The Serious Fraud Office has now announced an investigation into suspected fraud, fraudulent trading and money laundering involving both groups. The German regulator is pursuing criminal enquiries into the behaviour of Greensill Bank. There are still unanswered questions about why Greensill Capital was suddenly accredited by the British Business Bank as a conduit for taxpayer backed loans worth hundreds of millions of pounds which it appears to have then promptly lent overwhelmingly to the Gupta businesses. We do not yet know the cost to the public purse of the collapse of Greensill Capital, but it could be in the billions.

This growing scandal has brought into sharp focus the need for reform of the lobbying laws to ensure that there is complete transparency, more timely information and robust rules for ex-Ministers, Civil Servants and ex Prime Ministers which actually have teeth. With the current Prime Minister presiding over it, the Ministerial Code is as Hamlet would say, “more honoured in the breach than the observance.” Nor is Acoba, which exists to authorise any outside jobs ex Ministers and Senior Civil Servants can take upon leaving Whitehall, faring any better.
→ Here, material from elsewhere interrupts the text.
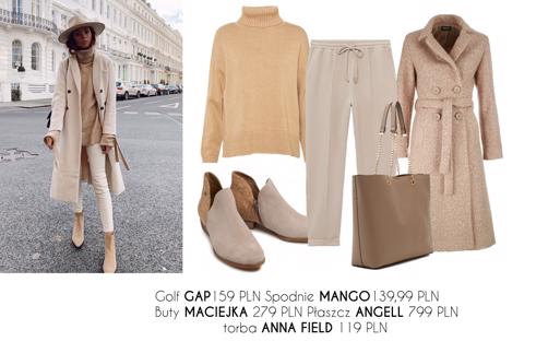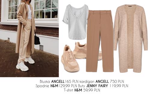 Beżowe total looki często przywodzą nam na myśl charakterystyczne i piękne płaszcze Max Mara z wielbłądziej wełny. Hitem sezonu jest łączenie właśnie eleganckiego płaszcza z dresami i sneakersami.

The revelation that the government’s Chief Commercial Officer, Bill Crothers, circumvented the rules entirely and worked for Greensill at the same time as he was employed in Whitehall was a jaw dropping example of how far expectations of probity have collapsed under this government.

Their conduct during the pandemic in creating VIP lanes for procurement for Conservative party donors and mates, has made a deteriorating situation truly perilous. The brazen award of billions of pounds of lucrative government contracts to friends without competition has made it worse.

The existing lobbying Act was actually a partisan attack on the right of Charities and Trade Unions to express an opinion and campaign in the run up to a General election. It did nothing to regulate the activities of Mr Cameron or Mr Greensill.  Their behaviour would have gone unnoticed without some outstanding investigative journalism drawing it to our attention. It is now time to shine a light into the dark corners of Whitehall and regulate lobbying properly.


Angela Eagle is the Labour MP for Wallasey.